## THE DATA
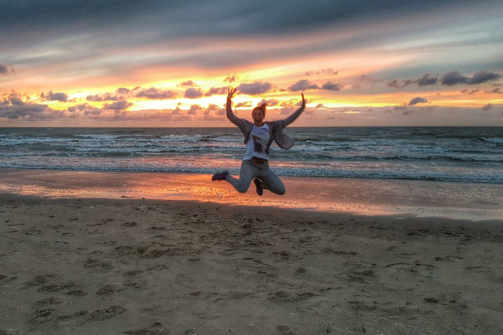 We hebben gelezen dat er in Middelkerke, twee kilometer verderop, een uitkijktoren staat. Vanaf de Warandetoren kan je op een hoogte van twintig meter de zon in de zee kan zien zakken. Hoewel dat waarschijnlijk een prachtig plaatje oplevert, hebben wij geen zin meer om dat stuk te lopen en houden we het op wat acrobatiek in de branding.
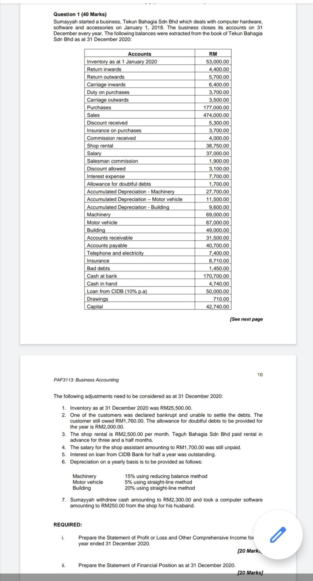Solved Question 1 40 Marks Sumayyah Started A Business Chegg Com
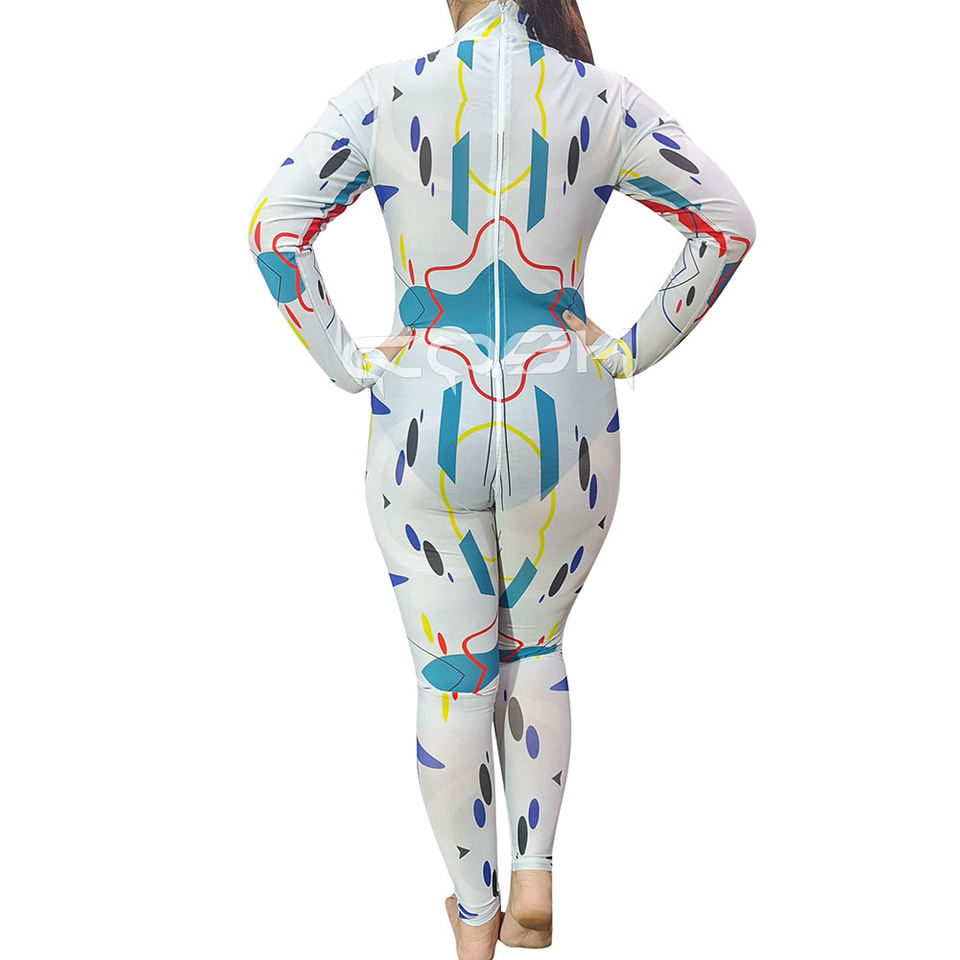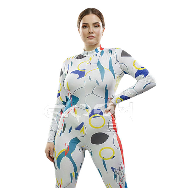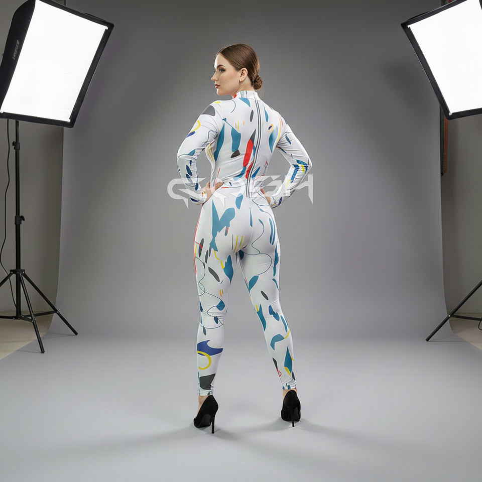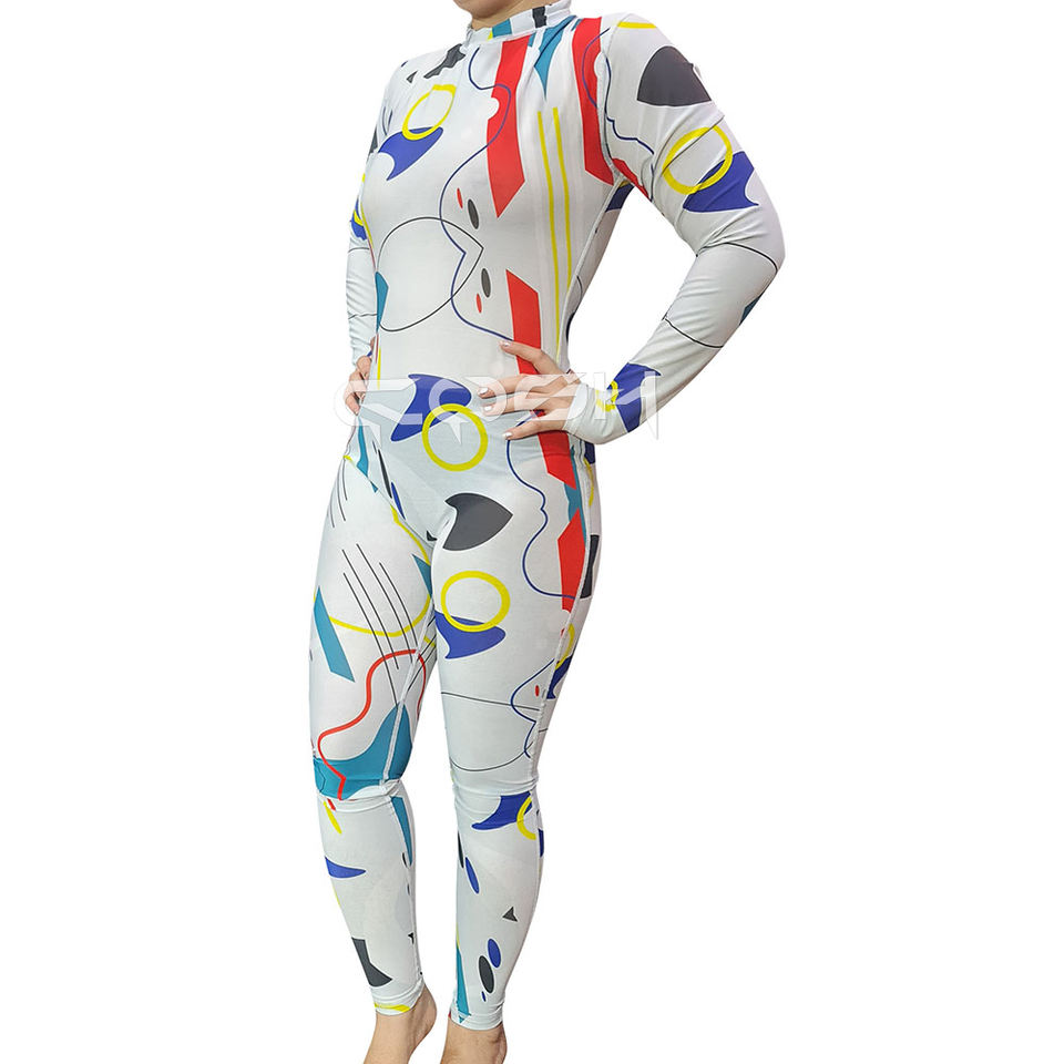 ชุดโยคะแบบชิ้นเดียวพิมพ์ลายเรขาคณิตแบบนามธรรม แขนยาว คอเต่า ชุดรอมเปอร์ฟิตเนสพิมพ์ลายทั้งตัว ชุดจั๊มสูทยืดหยุ่นได้

## EXERCISE GOAL
Omit the pictures, then quote the rest of the material above exactly.

## SOLUTION TO THE PROBLEM
 We hebben gelezen dat er in Middelkerke, twee kilometer verderop, een uitkijktoren staat. Vanaf de Warandetoren kan je op een hoogte van twintig meter de zon in de zee kan zien zakken. Hoewel dat waarschijnlijk een prachtig plaatje oplevert, hebben wij geen zin meer om dat stuk te lopen en houden we het op wat acrobatiek in de branding.
Solved Question 1 40 Marks Sumayyah Started A Business Chegg Com
 ชุดโยคะแบบชิ้นเดียวพิมพ์ลายเรขาคณิตแบบนามธรรม แขนยาว คอเต่า ชุดรอมเปอร์ฟิตเนสพิมพ์ลายทั้งตัว ชุดจั๊มสูทยืดหยุ่นได้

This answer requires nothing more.